**Exercise goal**
A verbatim copy of the records below, pictures omitted, is the task.

**Study material**
------------------------------------------------
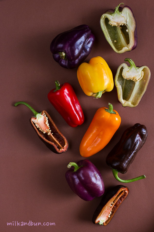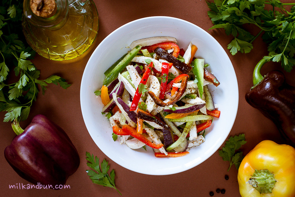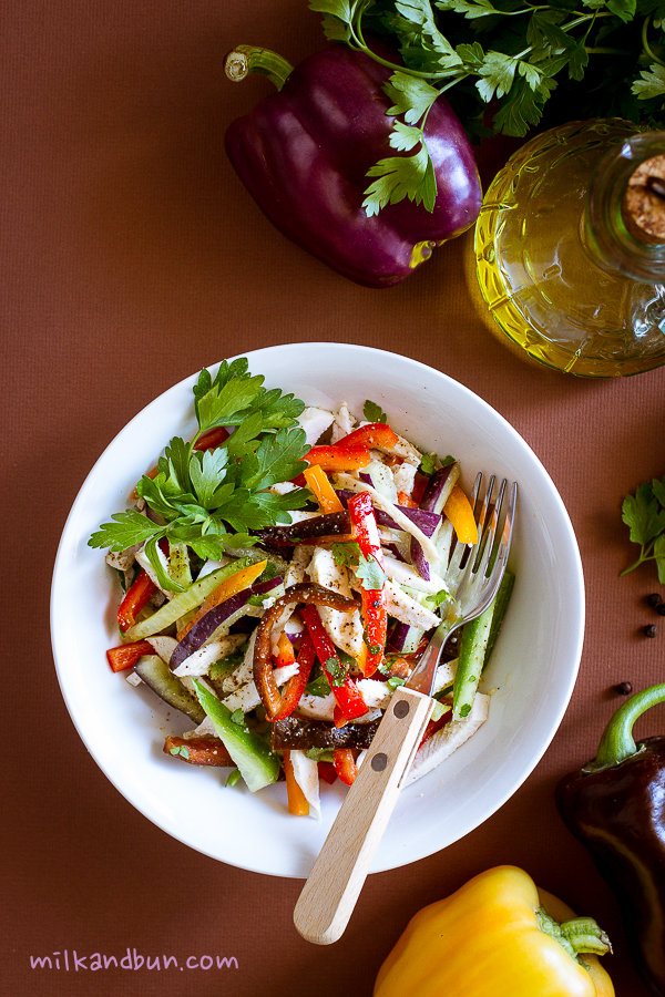 I picked up these beautiful capsicums there, I have never seen purple peppers in supermarkets before and couldn’t resist to taste them. It’d be so pitied to lose its amazing color so I decided to keep them raw and prepared this simple and tasty salad. Do you know that capsicum contains more vitamin C compared to an orange? This salad is not only bright but also nutritious and healthy. As a bonus, it’s low in carbs so perfect to stay fit and if you’re on diet – to lose a little bit weight without hanger. Yum! 🙂
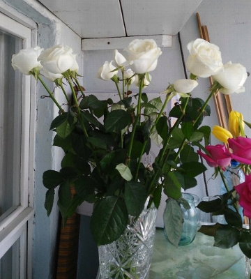 Спасибо за качественные, живучие и красивые цветы! Покупал букет из 15 роз, 20 апреля. Фото их состояния на 29 апреля! Обязательно зайду еще ;)
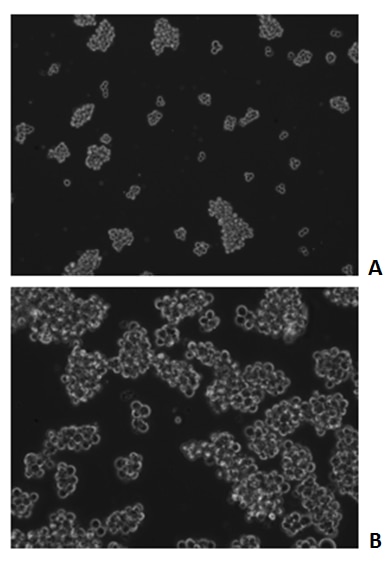 Growth of MA-11 spheroids in serum-free condition in the absence (A) or presence (B) of Recombinant Human LIF (#7734-LF) after 72 hours. Medium: RPMI + 2% B-27 supplement + 1% L-glutamine + 1% Pen/Strep.
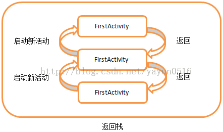 可以看出每點擊一次按鈕就產生一個新的活動,此時返回棧中有四個 MainActivity,連續按四次返回鍵才能退出程序。看一下模擬原理示意圖:
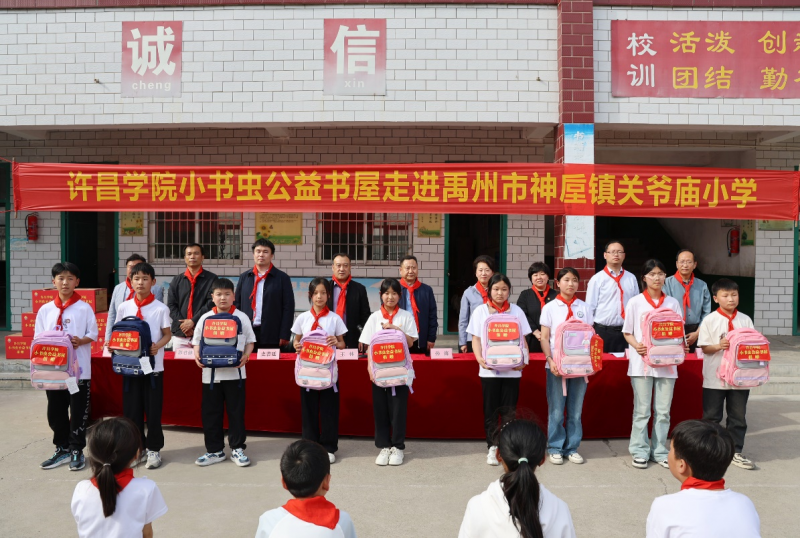 據悉,許昌學院小書(shu) 蟲公益書(shu) 屋成立於(yu) 2013年3月,由學校黨(dang) 委宣傳(chuan) 部指導,學校廣播電台師生負責具體(ti) 運營,其主旨是推廣終身閱讀理念,並幫助貧困地區學校建設圖書(shu) 室。書(shu) 屋成立10餘(yu) 年來,積極在校內(nei) 外募集圖書(shu) 、愛心捐款,累計在河南禹州、西藏自治區洛隆縣等地捐建公益書(shu) 屋12個(ge) ,捐贈圖書(shu) 總量6000餘(yu) 冊(ce) 。相關(guan) 活動先後被新華網、中國文明網、中國教育報、中國青年報等多家主流媒體(ti) 宣傳(chuan) 報道,取得了良好的社會(hui) 反響。關(guan) 爺廟小學是該組織捐建的第13個(ge) 公益書(shu) 屋,本次活動共捐贈圖書(shu) 400餘(yu) 冊(ce) ,書(shu) 包及學習(xi) 文具20套。
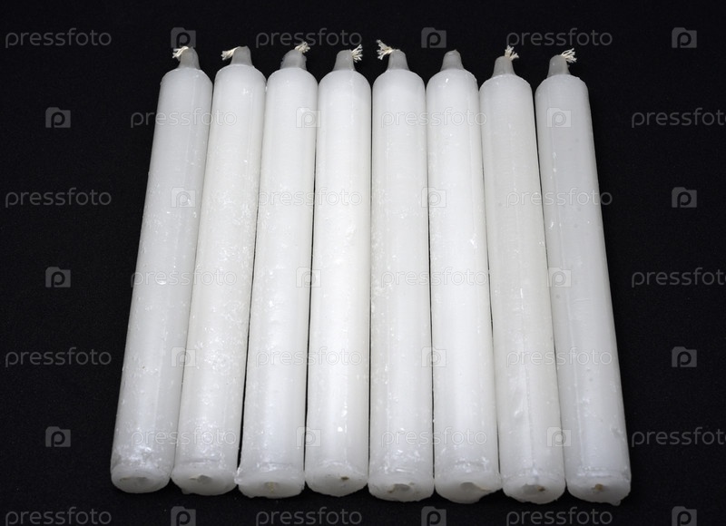 Белые парафиновые свечи на черном фоне. Свечи бытовые в куче
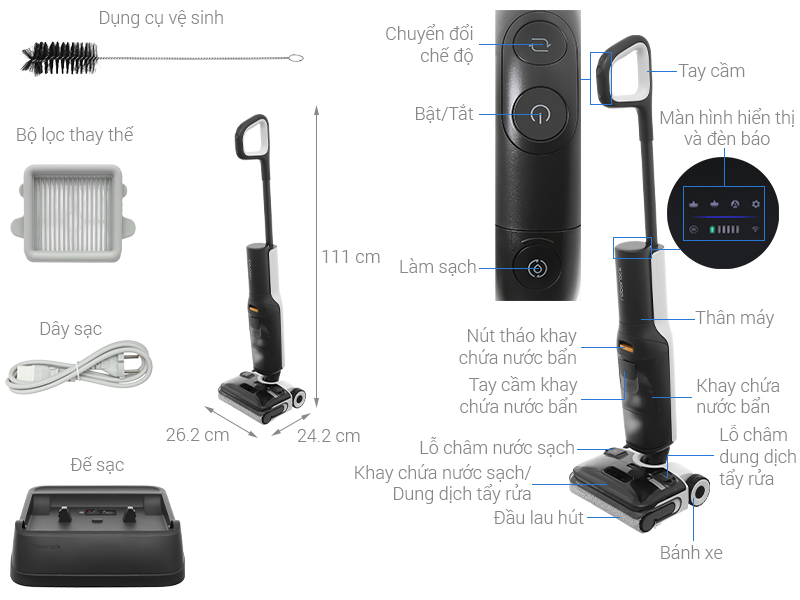 0.72 lít chứa bụi và nước dơ, 0.74 lít chứa nước sạch
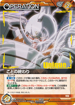 さらに、「第10弾『覚醒する魂』ブースタードラフト大会」の6位までの上位入賞者には、「ガンダムエピオン[†]」と茶新規オペレーション「ことの終わり」が各1枚贈られる。
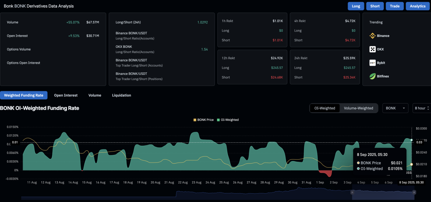 Theo dữ liệu từ CoinGlass, hợp đồng mở (OI) của BONK đã tăng 9,53% chỉ trong 24 giờ qua, đạt mức 30,71 triệu USD. Diễn biến này cho thấy dòng vốn mới đang chảy mạnh vào thị trường phái sinh của Bonk.
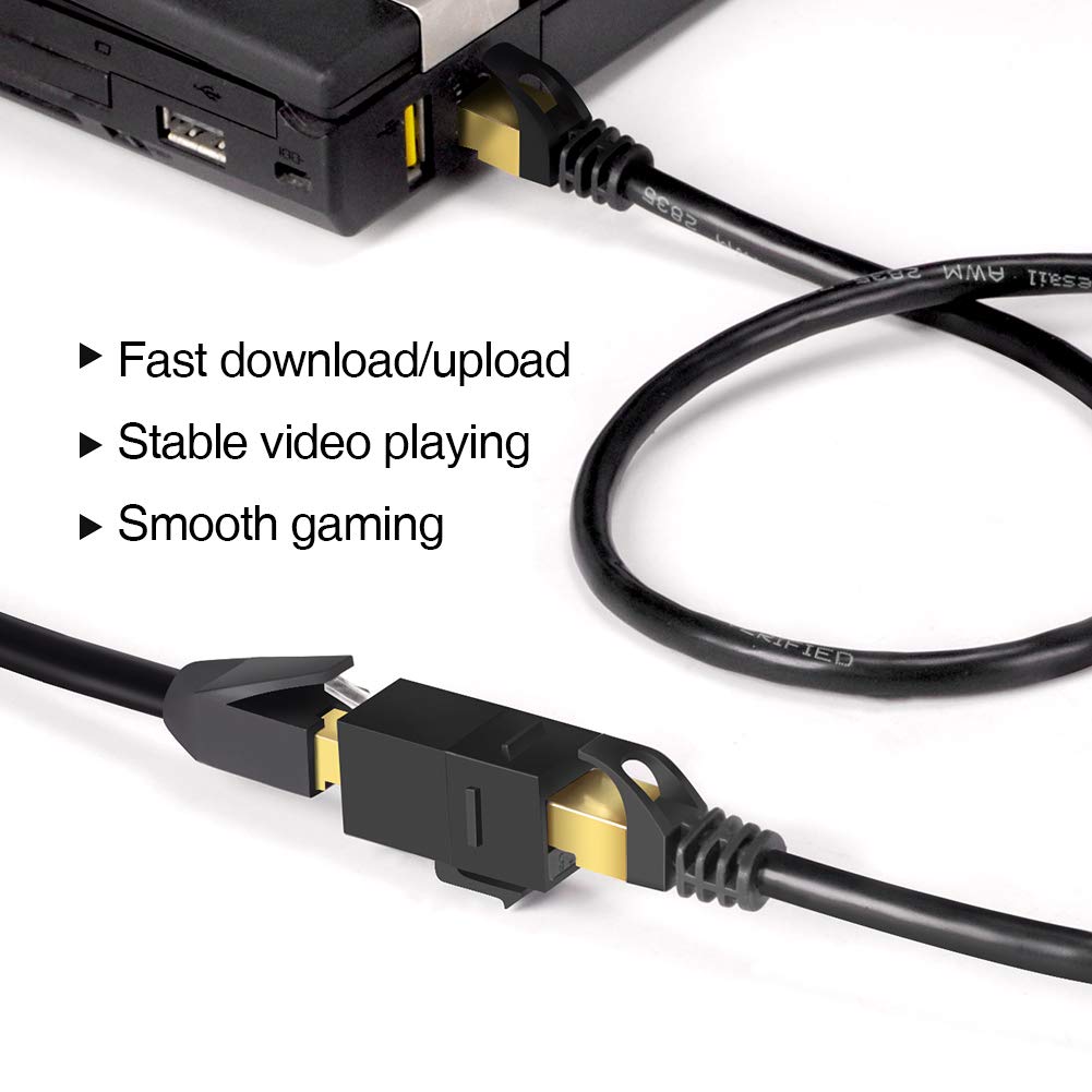 - ★ HIGH QUALITY MATIRIAL & TECHNOLOGY - Gold plated contacts of ethernet female to female coupler which prevent the oxidization and easy snap-in retaining clip ensure a secure and corrosion free connection.
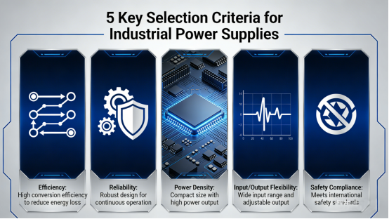 To choose an industrial power supply that meets your equipment’s needs and avoids costly failures, focus on these five core criteria—all verified by official product manuals and industrial technical standards:
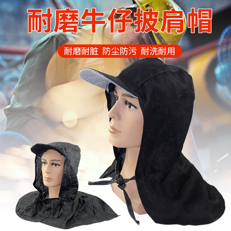防尘披肩帽牛仔布披风帽男女搬运工作装 卸水泥劳保喷漆打磨帽子
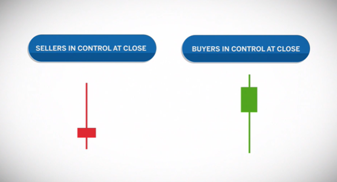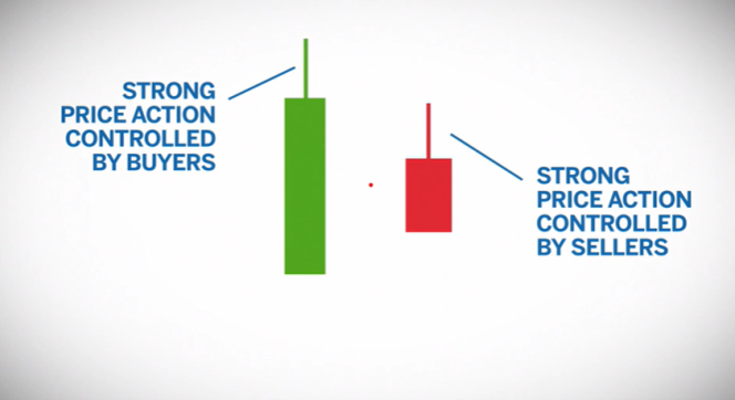 • The size of the wick relative to the body is important in determining who was in control: whether it was buyers (green candle), sellers (red candle), or both.
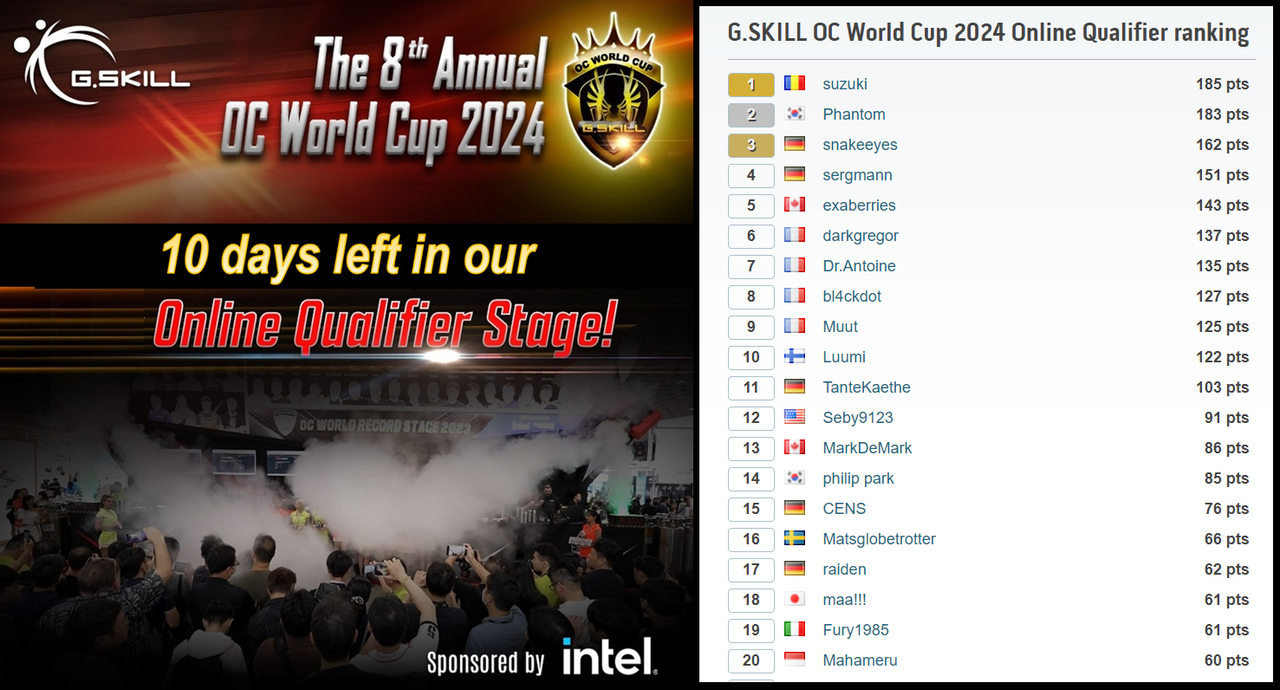 The Online Qualifier stage will be hosted on hwbot.org between March 1, 2023 and April 5, 2023. This stage is open to all overclockers worldwide, and participants must use G.SKILL memory kits and designated Intel platforms to submit results across 4 overclock categories that tests each overclocker's skills: Highest Memory Frequency, Cinebench R15, Y-Cruncher – Pi-2.5b, and SuperPi 32M. For more event details and rules, as well as to participate in the Online Qualifier stage of the OC World Cup 2023.
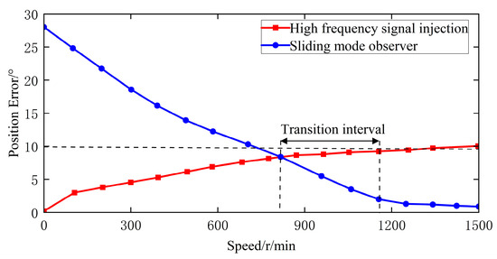 As shown in Figure 6, the two algorithms have a position error threshold of about 10°, within which the IPMSM drive control system is less affected. The selection of needs to be larger than the minimum stable speed that can be obtained by the SMO. The selection of needs to be smaller than the maximum stable speed that can be achieved by the high-frequency signal injection.
------------------------------------------------
**Output for this task**
 I picked up these beautiful capsicums there, I have never seen purple peppers in supermarkets before and couldn’t resist to taste them. It’d be so pitied to lose its amazing color so I decided to keep them raw and prepared this simple and tasty salad. Do you know that capsicum contains more vitamin C compared to an orange? This salad is not only bright but also nutritious and healthy. As a bonus, it’s low in carbs so perfect to stay fit and if you’re on diet – to lose a little bit weight without hanger. Yum! 🙂
 Спасибо за качественные, живучие и красивые цветы! Покупал букет из 15 роз, 20 апреля. Фото их состояния на 29 апреля! Обязательно зайду еще ;)
 Growth of MA-11 spheroids in serum-free condition in the absence (A) or presence (B) of Recombinant Human LIF (#7734-LF) after 72 hours. Medium: RPMI + 2% B-27 supplement + 1% L-glutamine + 1% Pen/Strep.
 可以看出每點擊一次按鈕就產生一個新的活動,此時返回棧中有四個 MainActivity,連續按四次返回鍵才能退出程序。看一下模擬原理示意圖:
 據悉,許昌學院小書(shu) 蟲公益書(shu) 屋成立於(yu) 2013年3月,由學校黨(dang) 委宣傳(chuan) 部指導,學校廣播電台師生負責具體(ti) 運營,其主旨是推廣終身閱讀理念,並幫助貧困地區學校建設圖書(shu) 室。書(shu) 屋成立10餘(yu) 年來,積極在校內(nei) 外募集圖書(shu) 、愛心捐款,累計在河南禹州、西藏自治區洛隆縣等地捐建公益書(shu) 屋12個(ge) ,捐贈圖書(shu) 總量6000餘(yu) 冊(ce) 。相關(guan) 活動先後被新華網、中國文明網、中國教育報、中國青年報等多家主流媒體(ti) 宣傳(chuan) 報道,取得了良好的社會(hui) 反響。關(guan) 爺廟小學是該組織捐建的第13個(ge) 公益書(shu) 屋,本次活動共捐贈圖書(shu) 400餘(yu) 冊(ce) ,書(shu) 包及學習(xi) 文具20套。
 Белые парафиновые свечи на черном фоне. Свечи бытовые в куче
 0.72 lít chứa bụi và nước dơ, 0.74 lít chứa nước sạch
 さらに、「第10弾『覚醒する魂』ブースタードラフト大会」の6位までの上位入賞者には、「ガンダムエピオン[†]」と茶新規オペレーション「ことの終わり」が各1枚贈られる。
 Theo dữ liệu từ CoinGlass, hợp đồng mở (OI) của BONK đã tăng 9,53% chỉ trong 24 giờ qua, đạt mức 30,71 triệu USD. Diễn biến này cho thấy dòng vốn mới đang chảy mạnh vào thị trường phái sinh của Bonk.
 - ★ HIGH QUALITY MATIRIAL & TECHNOLOGY - Gold plated contacts of ethernet female to female coupler which prevent the oxidization and easy snap-in retaining clip ensure a secure and corrosion free connection.
 To choose an industrial power supply that meets your equipment’s needs and avoids costly failures, focus on these five core criteria—all verified by official product manuals and industrial technical standards:
防尘披肩帽牛仔布披风帽男女搬运工作装 卸水泥劳保喷漆打磨帽子
 • The size of the wick relative to the body is important in determining who was in control: whether it was buyers (green candle), sellers (red candle), or both.
 The Online Qualifier stage will be hosted on hwbot.org between March 1, 2023 and April 5, 2023. This stage is open to all overclockers worldwide, and participants must use G.SKILL memory kits and designated Intel platforms to submit results across 4 overclock categories that tests each overclocker's skills: Highest Memory Frequency, Cinebench R15, Y-Cruncher – Pi-2.5b, and SuperPi 32M. For more event details and rules, as well as to participate in the Online Qualifier stage of the OC World Cup 2023.
 As shown in Figure 6, the two algorithms have a position error threshold of about 10°, within which the IPMSM drive control system is less affected. The selection of needs to be larger than the minimum stable speed that can be obtained by the SMO. The selection of needs to be smaller than the maximum stable speed that can be achieved by the high-frequency signal injection.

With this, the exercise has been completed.